| Assignment |
Every line from the one with "稲井あおばさんの総運は32画の5点!" up to and including the one with "A serene forest" is to be output exactly as it appears below; pictures are not.
[Data under study — start]
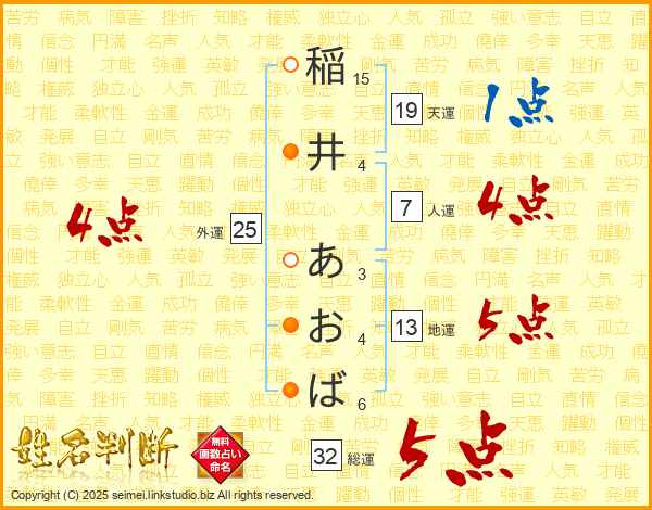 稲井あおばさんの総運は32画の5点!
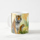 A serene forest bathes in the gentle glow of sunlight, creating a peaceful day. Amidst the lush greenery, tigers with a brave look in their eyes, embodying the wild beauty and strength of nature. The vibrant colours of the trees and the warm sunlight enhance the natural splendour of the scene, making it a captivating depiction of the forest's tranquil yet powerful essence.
[Data under study — finish]
[Data under study — start]
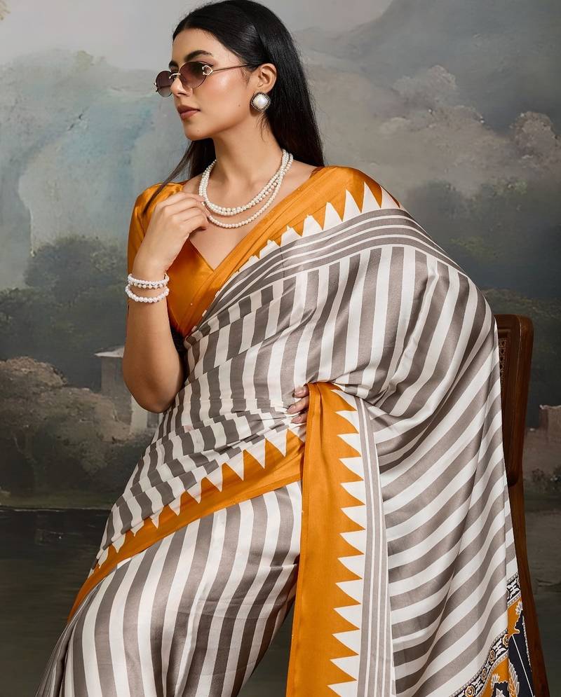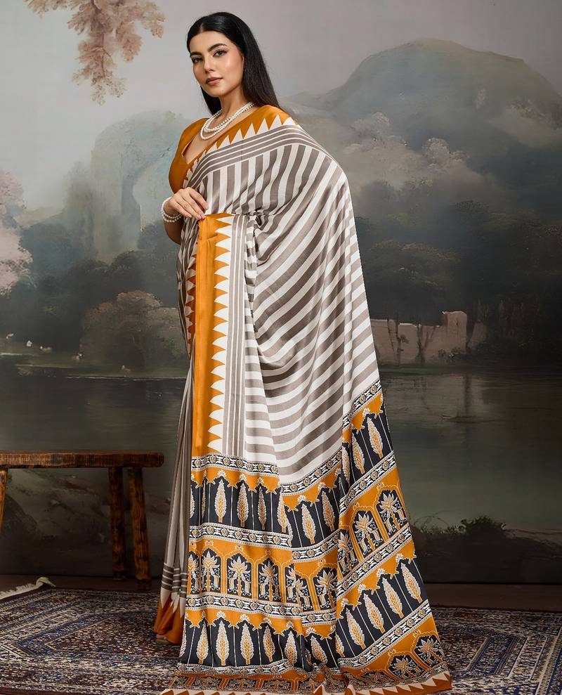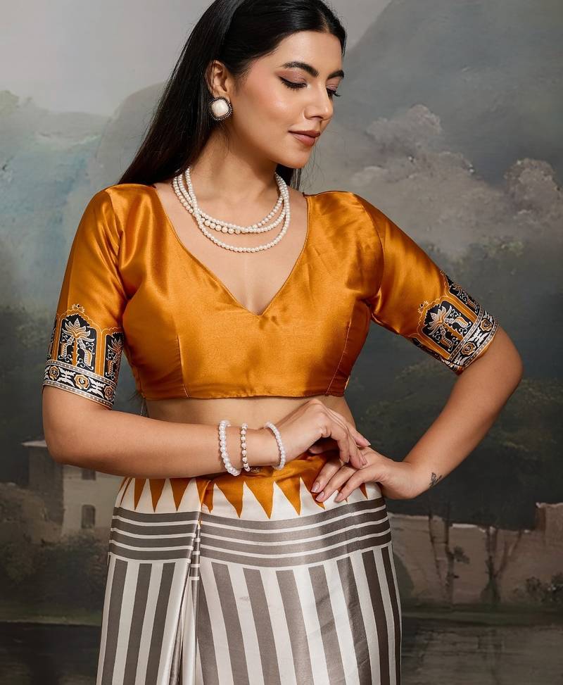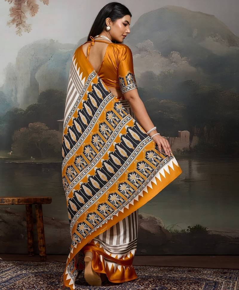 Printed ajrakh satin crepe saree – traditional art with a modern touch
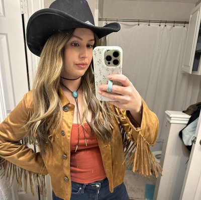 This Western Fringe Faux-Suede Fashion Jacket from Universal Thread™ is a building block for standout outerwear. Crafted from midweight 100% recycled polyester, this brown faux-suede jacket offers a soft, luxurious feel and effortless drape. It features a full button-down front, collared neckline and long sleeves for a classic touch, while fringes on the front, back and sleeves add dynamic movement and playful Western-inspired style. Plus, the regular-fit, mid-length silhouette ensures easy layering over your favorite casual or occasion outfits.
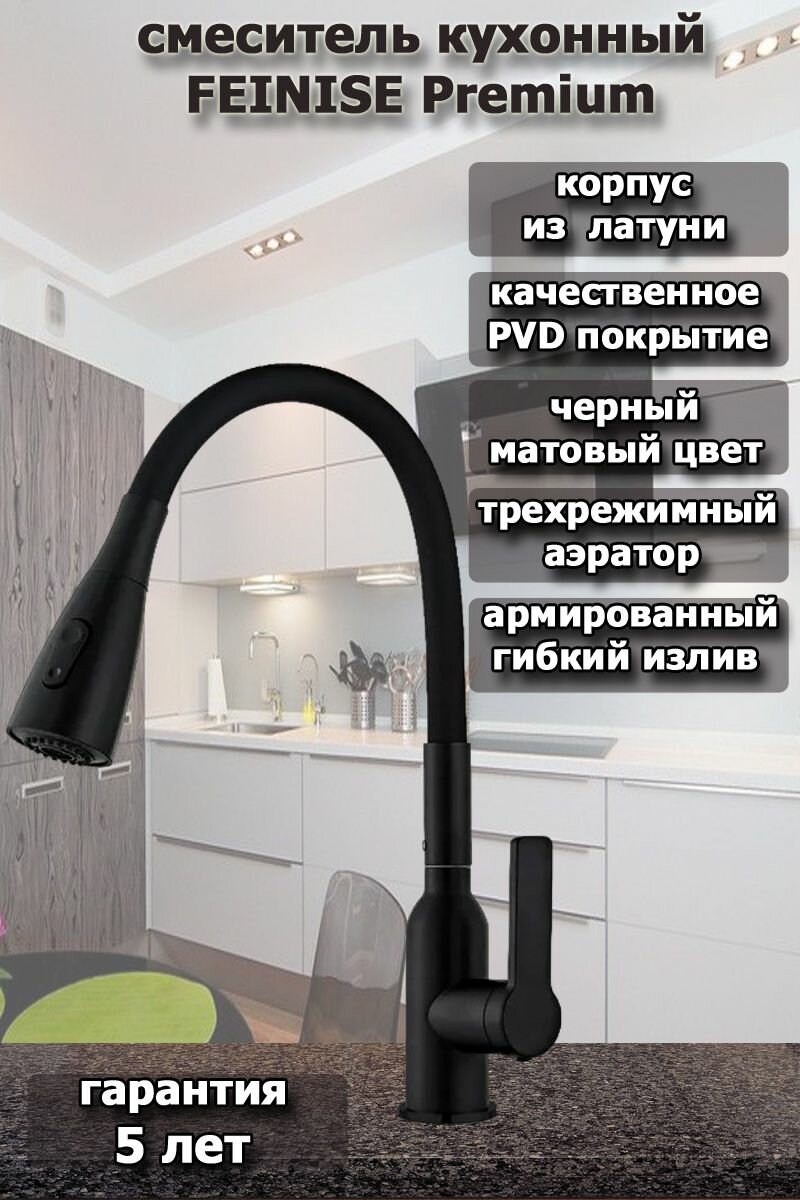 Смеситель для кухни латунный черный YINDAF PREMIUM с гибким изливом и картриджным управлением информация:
[Data under study — finish]
[Data under study — start]
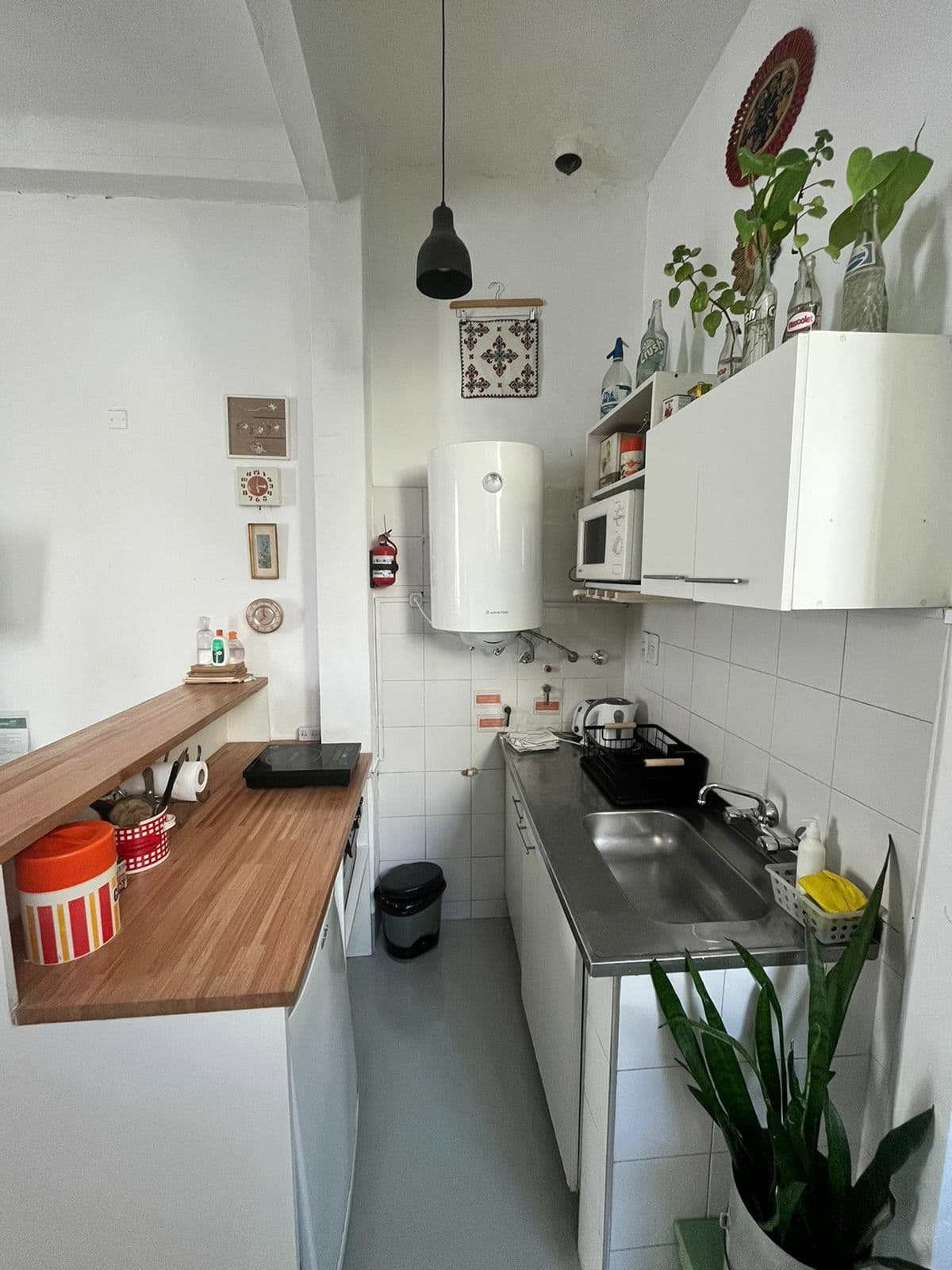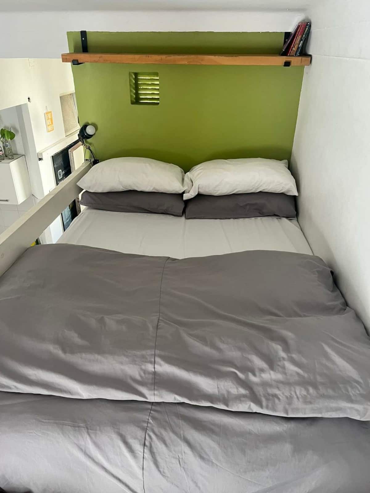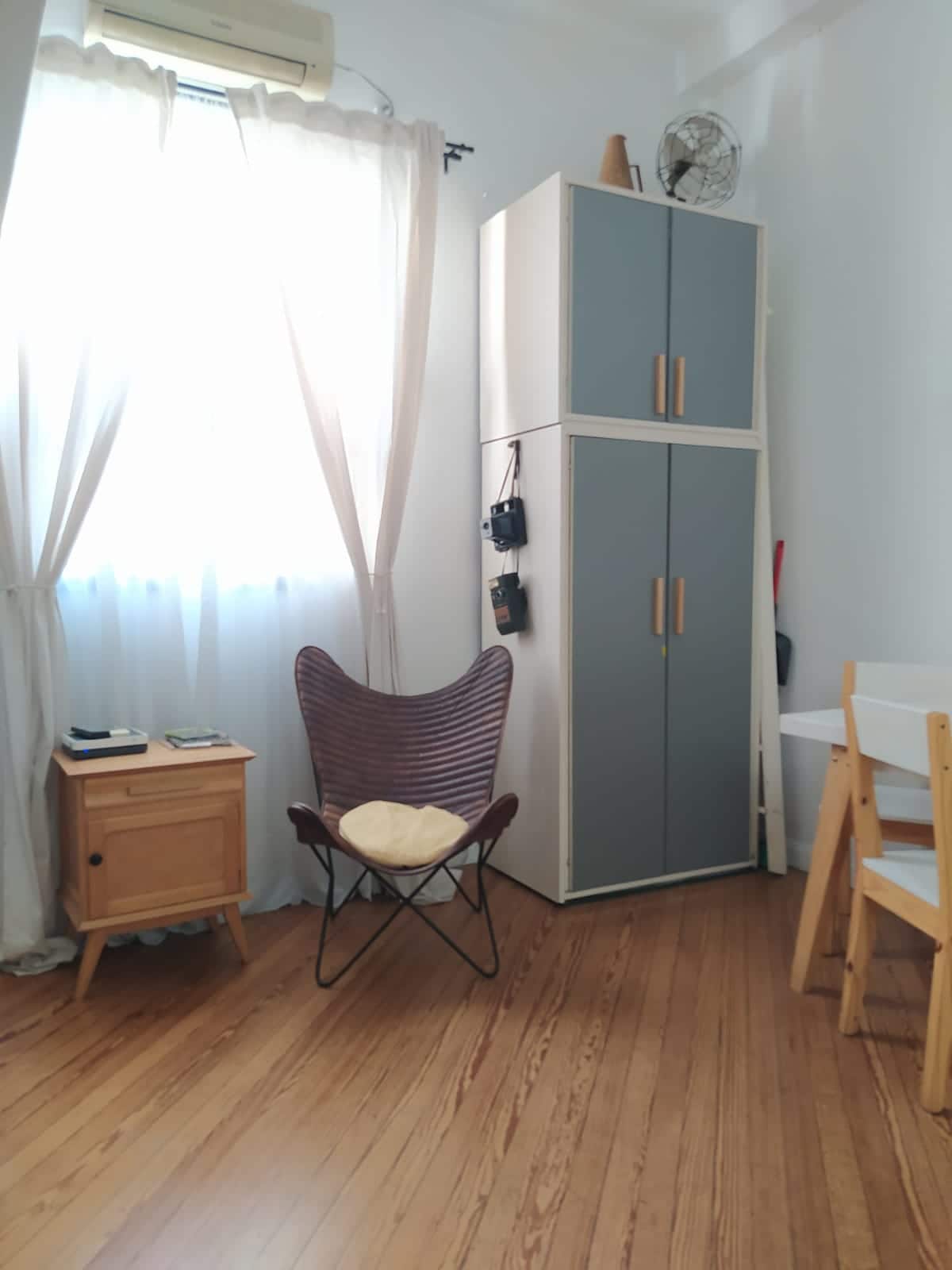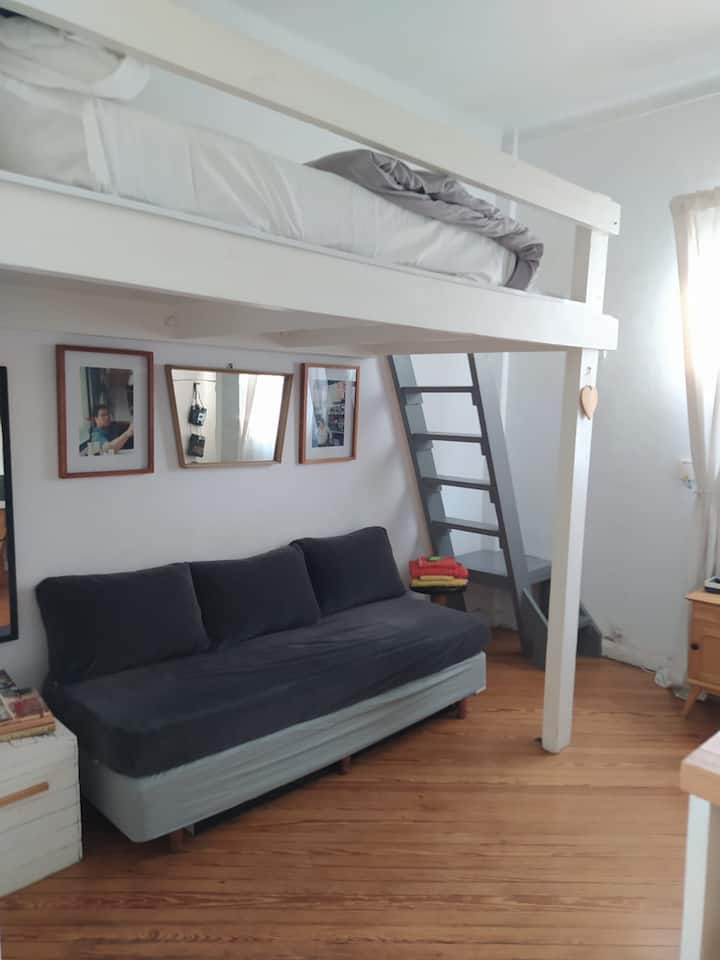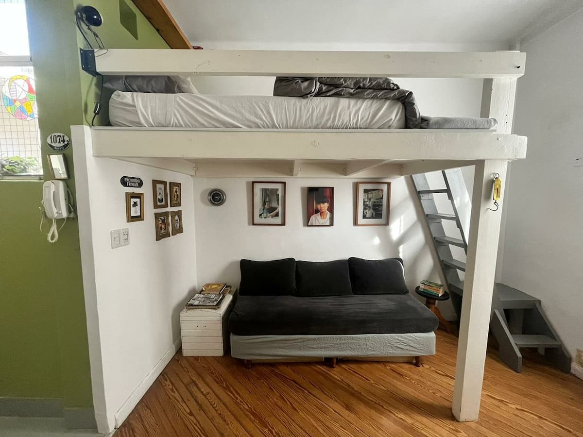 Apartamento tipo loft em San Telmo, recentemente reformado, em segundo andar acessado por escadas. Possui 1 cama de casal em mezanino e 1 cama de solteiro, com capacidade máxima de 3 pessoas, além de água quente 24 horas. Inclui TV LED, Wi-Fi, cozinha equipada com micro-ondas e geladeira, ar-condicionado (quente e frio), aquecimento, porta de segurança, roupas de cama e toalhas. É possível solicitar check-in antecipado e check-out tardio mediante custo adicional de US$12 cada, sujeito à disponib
[Data under study — finish]
| Reply to the exercise |
 稲井あおばさんの総運は32画の5点!
 A serene forest bathes in the gentle glow of sunlight, creating a peaceful day. Amidst the lush greenery, tigers with a brave look in their eyes, embodying the wild beauty and strength of nature. The vibrant colours of the trees and the warm sunlight enhance the natural splendour of the scene, making it a captivating depiction of the forest's tranquil yet powerful essence.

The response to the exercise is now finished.